__Provided data__:
---

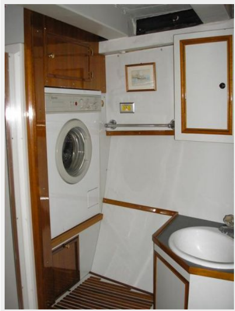
Washer/Dryer in Forward Head
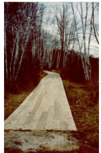
The completed boardwalk is 420 feet long and utilized 220 volunteer hours to build.

While the decking will be hard to notice now that winter is here,
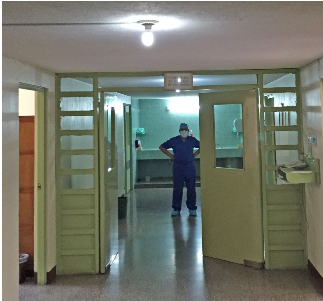
1. A medical assistant in highland Guatemala looks back at me as my son is wheeled to surgery.

---

__Exercise aim__: Every line above should be duplicated exactly; the pictures are to be left out.

__Answer box__:
Washer/Dryer in Forward Head
The completed boardwalk is 420 feet long and utilized 220 volunteer hours to build.

While the decking will be hard to notice now that winter is here,
1. A medical assistant in highland Guatemala looks back at me as my son is wheeled to surgery.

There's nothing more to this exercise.